* **Your instructions**: Nothing but an exact copy is asked for: the lines in the material below from the one with "Beskrivning: 1 bl." through the one with "Detached three-bay two-storey", pictures excluded.

* **Record excerpts**:

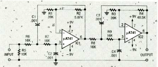 Usando dois amplificadores operacionais 741 este circuito passa baixas tem como frequência de corte 10 kHz. Encontramos num artigo da revista Electronics Now de agosto de 1993.
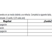 Física: Una rayo de luz penetra en un medio distinto y se refracta. Completa la siguiente tabla.
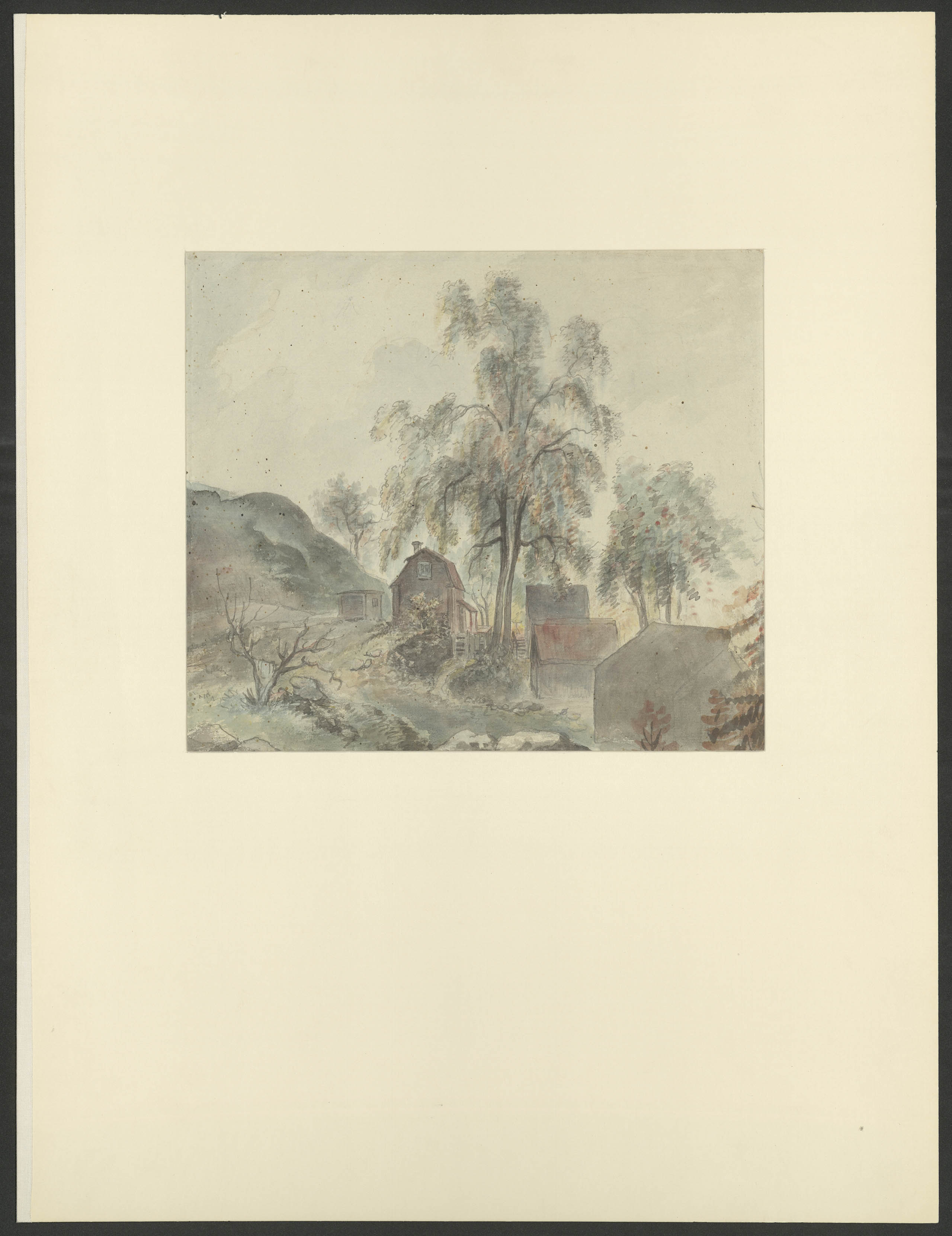 Beskrivning: 1 bl. : Bruksbyggnader, vattenhjul och fors i disiga höstfärger.
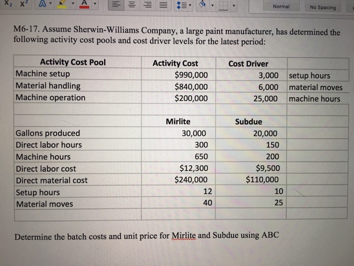 Solved Normal No Spacing M6 17 Assume Sherwin Williams Chegg Com
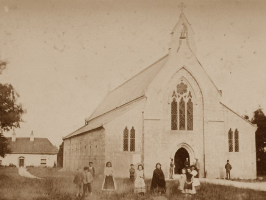 Detached three-bay two-storey presbytery, built 1930, on a symmetrical plan with single-bay two-storey side elevations. Refenestrated, ----. Hipped slate roof with clay ridge tiles, paired rendered central chimney stacks having "Cavetto"-detailed stepped capping supporting terracotta pots, and replacement uPVC rainwater goods on box eaves. Rendered wall to front (west) elevation with rendered strips to corners; roughcast surface finish (remainder) on rendered plinth. Square-headed central door opening in square-headed recess with chamfered timber mullions on "quarry tiled" drag edged tooled cut-limestone step threshold supporting chamfered timber mullion, and concealed dressings framing timber panelled door having sidelights on diagonal timber boarded panelled risers below overlight. Square-headed window openings with drag edged dragged cut-limestone sills, and concealed dressings framing replacement uPVC casement windows with replacement aluminium casement windows to rear (east) elevation. Set in landscaped grounds shared with Saint Mary's Catholic Church.
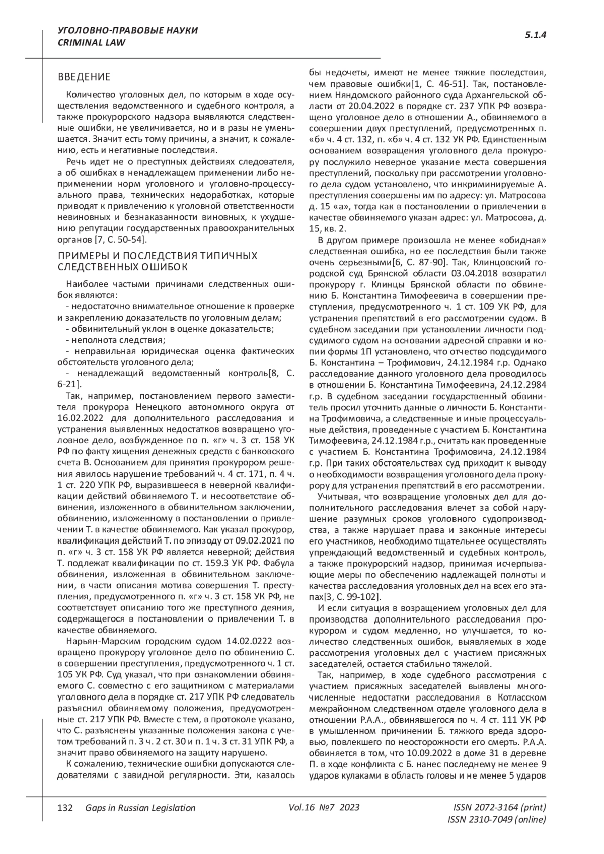 8. 	Новейшие следственные ошибки: учебное пособие / под ред. Ю.А. Цветкова. - М.: ЮНИТИ-ДАНА, 2021. - 415 с. EDN: RYDDAE
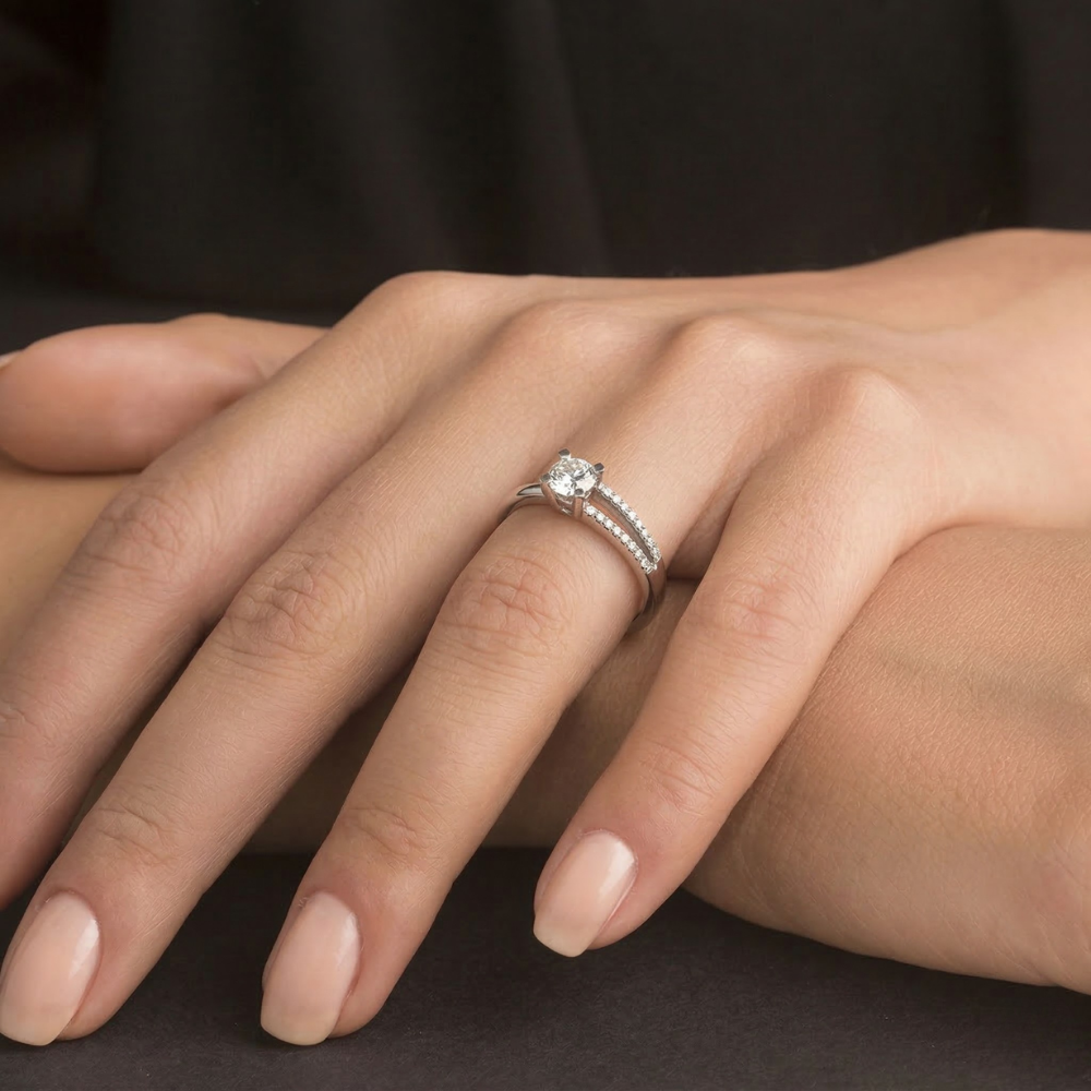 Inel de logodna cu diamant central de 0.39 ct si diamante laterale de 0.17 ct

* **Worked solution**:
 Beskrivning: 1 bl. : Bruksbyggnader, vattenhjul och fors i disiga höstfärger.
 Solved Normal No Spacing M6 17 Assume Sherwin Williams Chegg Com
 Detached three-bay two-storey presbytery, built 1930, on a symmetrical plan with single-bay two-storey side elevations. Refenestrated, ----. Hipped slate roof with clay ridge tiles, paired rendered central chimney stacks having "Cavetto"-detailed stepped capping supporting terracotta pots, and replacement uPVC rainwater goods on box eaves. Rendered wall to front (west) elevation with rendered strips to corners; roughcast surface finish (remainder) on rendered plinth. Square-headed central door opening in square-headed recess with chamfered timber mullions on "quarry tiled" drag edged tooled cut-limestone step threshold supporting chamfered timber mullion, and concealed dressings framing timber panelled door having sidelights on diagonal timber boarded panelled risers below overlight. Square-headed window openings with drag edged dragged cut-limestone sills, and concealed dressings framing replacement uPVC casement windows with replacement aluminium casement windows to rear (east) elevation. Set in landscaped grounds shared with Saint Mary's Catholic Church.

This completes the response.